Ghost hasn’t been available for nearly as long as WordPress, but it has gained a strong community of publishers and content creators. You will find much of this community at the Ghost Forum, which has spaces for everything from technical issues to general usage questions. If you don’t have luck at the official forum, check Stack Overflow. It has far fewer posts related to Ghost, though, so you may not find an answer to your question. There are also a few third-party guides and tutorials available.

The Verdict

WordPress is the clear winner when it comes to community support. While both platforms have a significant community, the WordPress community is much larger, which means you’re more likely to find help for your issue or question when using WordPress.

Hosting Options

The platforms offer different hosting options for developers, including managed hosting and self-hosting.


Due to its popularity, most web hosting companies support WordPress. Some hosting companies let you self-host WordPress, while others offer managed hosting. Managed hosting makes it simple to get started, as the hosting company takes care of your website’s server. The hosting company keeps the server updated, and often provides SSL certificates, automatic backups, and even content delivery network services for your website.

WordPress.com is Automattic’s official managed hosting solution for WordPress. You can create a website with limited features and a WordPress.com subdomain for free; paid plans, which start from $5 USD per month, offer greater control and more advanced features.

You can also self-host WordPress. Since it uses PHP and MySQL, it can run on the LAMP stack, a popular technology stack for web hosts. Installation is straightforward, and once you’ve installed WordPress on your server, you can follow a simple setup wizard to set up the database and initial website.

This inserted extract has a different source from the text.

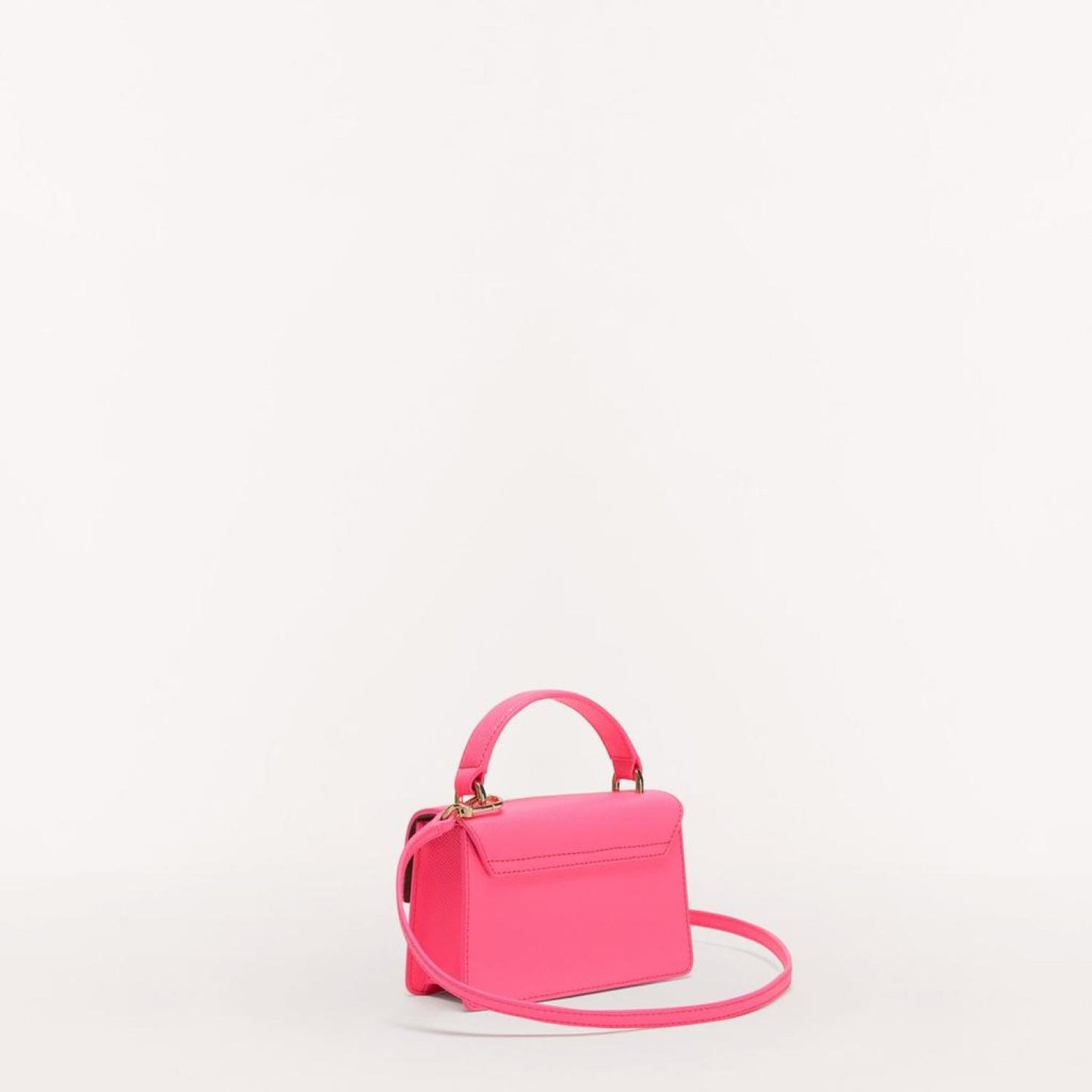 Furla Bella is a mini handbag made of fluorescent Andromeda calfskin. The model features a practical open outer pocket on the back to easily access your personal belongings. The gusseted inner compartment with a zipped pocket allows you to neatly and carefully organise your ID cards and small items. - Closure with galvanised padlock- Removable leather top handle and strap- Galvanised light gold finishes- Dimensions: 6.3 x 4.13 x 1.57

If you want to host your website using Docker, the Docker community also provides Docker images, that you can use to deploy WordPress to several cloud providers quickly. You can deploy these container images standalone, or use them within a Kubernetes application.


Ghost allows you to self-host or use managed hosting. The benefits of managed hosting are the same as for WordPress. The most popular managed hosting solution is from Ghost. There is no free plan, but they do offer a fourteen-day free trial that you can use to see if Ghost will work for you. After the free trial, paid plans start at $9 USD per month.

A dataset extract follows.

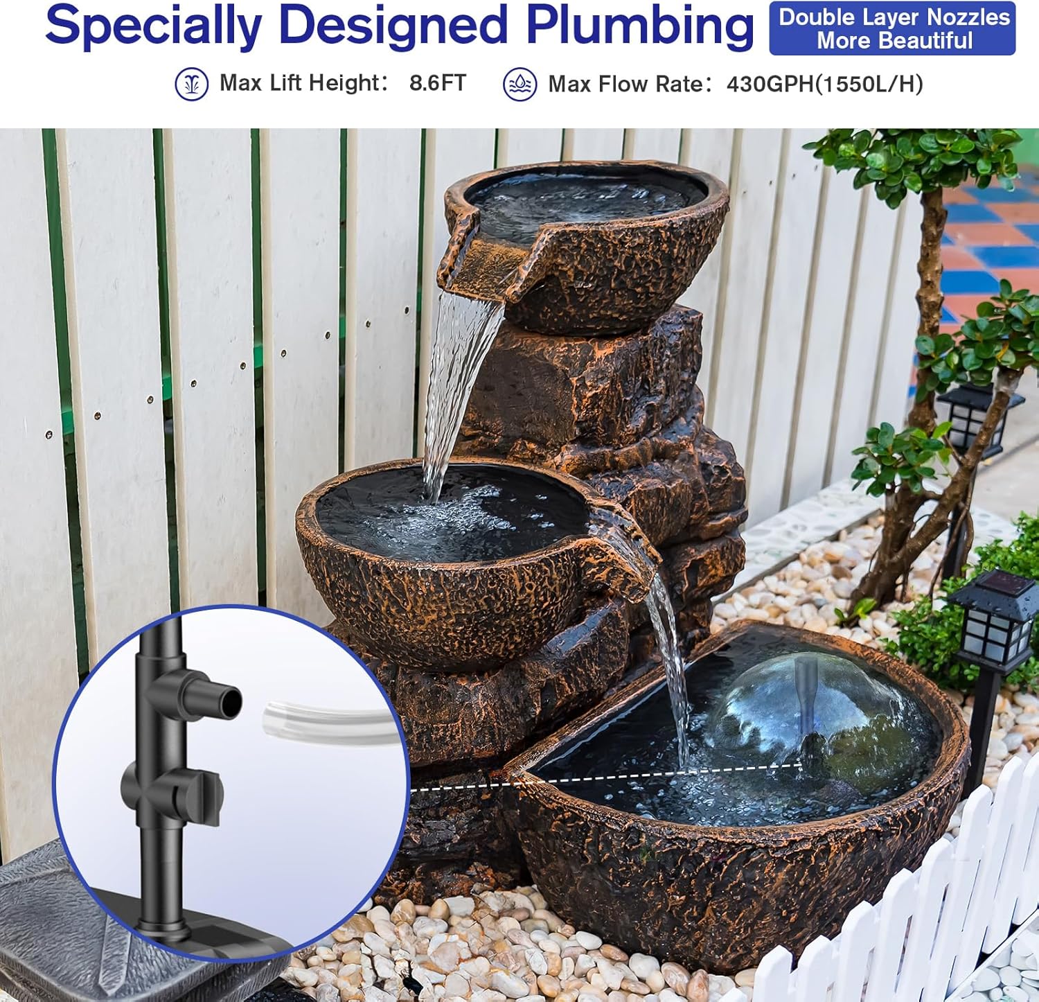 - ⛲【Upgraded Diverter Valve to DIY】The solar water pump equipped a upgraded diverter valve, meaning you can create fountain and water features at the same time. The solar powered fountain pump with 4 different nozzles to show different jet shapes meet your needs. Perfect for water circulation system water feature to attracting elk, squirrels, hummingbirds, bees and other cute animals coming to your yard!

When self-hosting Ghost, your options are more limited, as you need a hosting provider that gives you CLI access to the server so you can install Ghost and its dependencies. This can make hosting more expensive, and the most cost-effective option is usually to use a virtual private server (VPS). Some VPS options for self-hosting Ghost are DigitalOcean and Linode, both of which start at $5 USD per month. The setup process for Ghost is more manual than WordPress, and requires that you set up a MySQL database and the Ghost website through the command line.

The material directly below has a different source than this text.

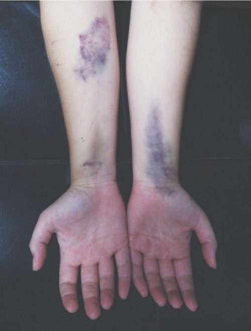 - The colours in the bruises link back to the colour of the sky - The skin is altered visibly hurt through a drastic change of colour - faded colours would be interesting to represent with watercolor - very representative of anorexia, when the body becomes very thin skin bruises really easily.

There are also unofficial Ghost Docker images you can use to deploy Ghost.

The Verdict

WordPress is a clear winner. There are more hosting options, and the price is generally lower than hosting Ghost. In addition, the setup process is much more straightforward when self-hosting WordPress than Ghost.


While Ghost may be your answer if you’re planning a basic, text-only blog and don’t require any extensibility or customization, WordPress is better equipped to support most use cases. As you’ve seen throughout this article, WordPress provides a better developer experience overall, and offers more control over your website’s design, functionality, and content than Ghost does. By providing broadly applicable defaults and allowing extensive customization, WordPress comfortably supports websites of all sizes, at all levels of complexity.